The eight founders came together soon after Pledger, who lives in Hardwick but often works with Valley residents through her work at Clean Water Action, invited several local activists in May to visit the Northampton-based Recycling Works, a program which helps businesses and institutions reduce their waste. After the visit, the group continued to meet and discuss ways they could encourage local businesses to recycle, and soon decided to expand the focus to residents and local governments throughout the Valley, Pledger said.

“I think most people instinctively know that the way we are wasting resources can’t go on forever,” she said. “They know landfills are filling up. They know climate change is worsening. They know, and so I think a lot of people will actually welcome more information and support for doing things differently.”

The group’s first campaign is directed toward businesses, and will include raising awareness about resources such as Recycling Works that can help them reduce their waste, Pledger said. She added that this is a particularly opportune time because starting in July 2014, the state Department of Environmental Protection plans to ban the disposal of food waste and other organic material by any business or institution that produces more than a ton of it per week, according to the department’s website. Pledger said there is no specification about what businesses must do with the waste, just that it cannot be incinerated or sent to a landfill.

Another founding member, John Root of Amherst, said he hopes that businesses will serve as an example for individuals to follow in attempting to reduce their waste.

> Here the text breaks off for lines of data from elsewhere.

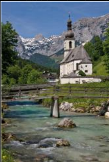
St. Sebastian's Church, Ramsau, near Berchtesgaden, Bavaria, Germany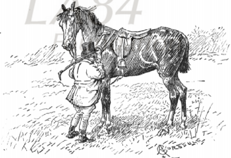
QUESTION NO. 2. "HOW AM I TO REACH THAT SADDLE?"

With OUTING's best compliments to brother Punch .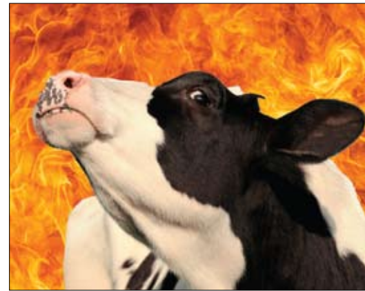
A city in ruins after the Great Chicago Fire and the Water Tower (center) that survived, and an artist's rendering of Mrs. O'Leary's slandered cow.

The conflagration at its height had the power to jump the expanse of the Chicago River, which offered meager resistance in holding back the forces of the urban inferno.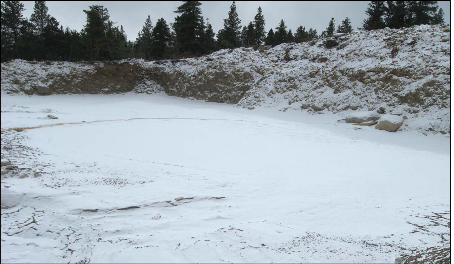
3. Settling pond.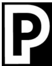
White outer P, black inner P (“Logo 1”) (the black background shown above is not part of the logo, but is for illustrative purposes here only)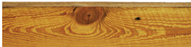
Rough Sawn Beams

Similar in design value to the ornamental and structural beams, Mountain Lumber's reclaimed mantels are scaled down to fit most applications. Mantels can be ordered in Historic Heart Pine® or other woods including Antique American Oak and Antique American Chestnut. Please call for pricing.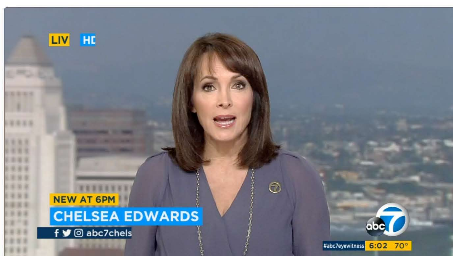
Seven former city of Beaumont officials were charged Tuesday in connection to a public corruption case of nearly $43 million in city funds.

BEAUMONT, Calif. (KABC) -- Seven former city of Beaumont officials were charged Tuesday in connection to a public corruption case of nearly $43 million in city funds.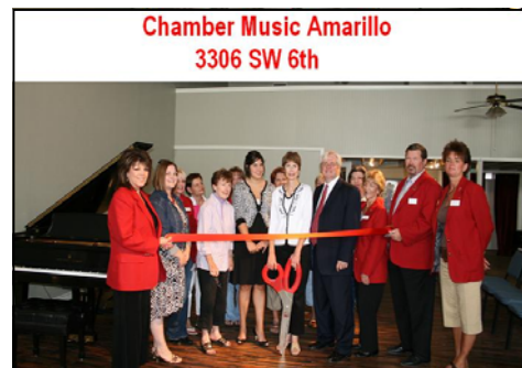
Chamber Music Amarillo 3306 SW 6th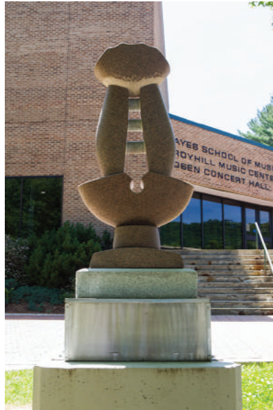
30th Rosen Sculpture Competition (2016 - 2017) Hybridized Daylily Granite, stainless steel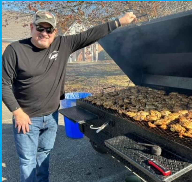
Feeding people in Rocky Mount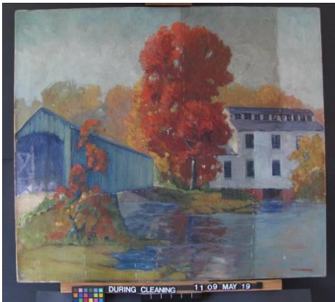
During cleaning of a landscape painting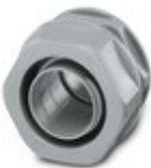
Cable gland made from PP with metric thread, IP65 protection

Screw connection - WP-G PP HF M32 - 3241000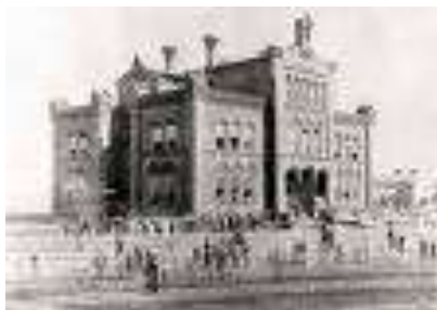
Hine Junior High School

The Hine Junior High School's original location was 335 8 th Street SE. The original site was the former Eastern High School, built in 1892, and Towers Elementary School, built in 1887. Those schools joined to become Hine Junior High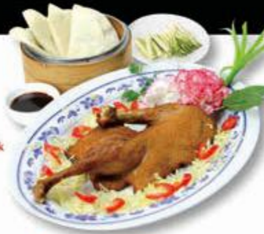
Aromatic Crispy Duck with Pancakes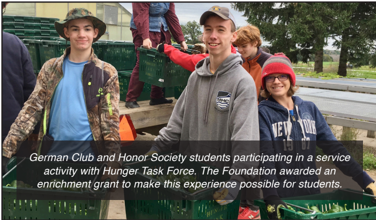
German Club and Honor Society students participating in a service activity with Hunger Task Force. The Foundation awarded an enrichment grant to make this experience possible for students.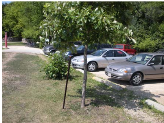
“Park bike” suggestion sign removed (over 100 yards from entrance)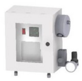
Controller with optional Z-Purge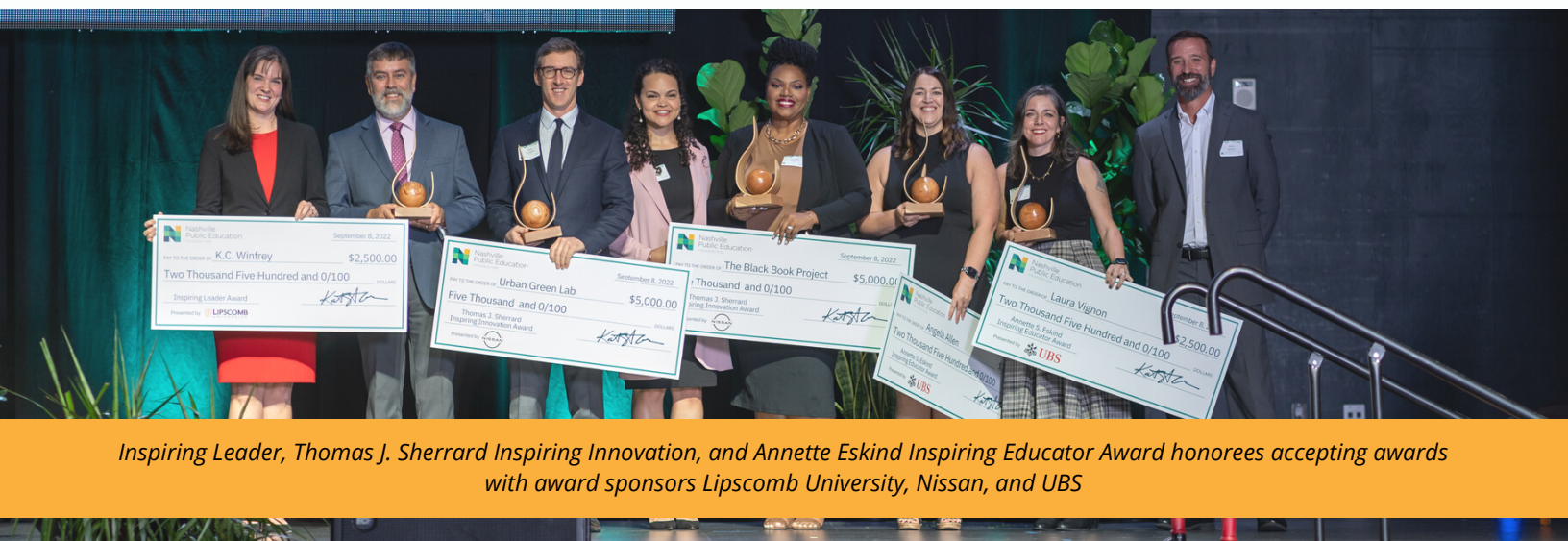
Inspiring Leader, Thomas J. Sherrard Inspiring Innovation, and Annette Eskind Inspiring Educator Award honorees accepting awards with award sponsors Lipscomb University, Nissan, and UBS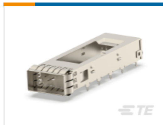
TE Part #2337376-1 CAGE ASSEMBLY, QSFP28 1X1, PCI, OP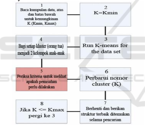
Figure 1 Steps General In X-Means Grouping.

X-means clustering is used for completely wrong the other weakness main from K-means clustering, that is the need knowledge previous about a number of clusters (K). In method this, value in fact from K estimated in something that isn't watched over way and only based on that data set alone.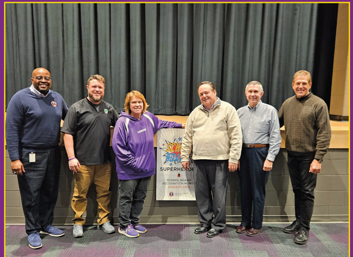
In January, the Ohio School Boards Association recognized our five board members for their service. Thank you for your dedication to our schools and community.

We thank our Board of Education for their tireless dedication to shaping the future of Lexington Local Schools.

“Our goal really is to have a regional transformation of our culture, if you will,” said Root, chairman of the Recycling and Refuse Management Committee in Amherst.

Video on composting

Tanner, a member of the Northampton ReUse Committee, created a seven-minute video on the composting and recycling practices of River Valley Market, 330 North King St. in Northampton, to serve as an example for other businesses. Among its practices is sending food waste to be composted at Martin’s Farm in Greenfield.

She screened the video at the Pioneer Valley Transition Towns Film Festival on Oct. 25, where she said she received encouraging feedback from residents. She said one woman who lives in a senior housing complex told her that she plans to work with others to set up a recycling program in her building.

“It’s always good to get that feedback directly from the public,” said Tanner. Also to help further the efforts of Valley Zero Waste, Tanner said she has been brainstorming ideas for a series of 30-second public service announcements.

Valley Zero Waste will have a public kick-off event at 7 p.m. Friday in the glass room of the Bangs Community Center on Boltwood Walk in Amherst to draw members and discuss further steps for the organization. Pledger said the date was chosen because it is the “Global Day of Action” sponsored by the Global Alliance for Incinerator Alternatives, an alliance of advocates for pollution-free waste disposal.

The free event will include a screening of “The Story of Stuff,” a 2007 documentary exploring the cycle of material goods from production to disposal. There will also be a panel discussion, and Pledger will show a slide presentation on examples of waste reduction strategies that are used in the Valley.

Suzanne Cordes of South Hadley, another founding member, said she hopes the launch event “will be the beginning of hopefully many dialogues in the Valley to come regarding our waste reduction.”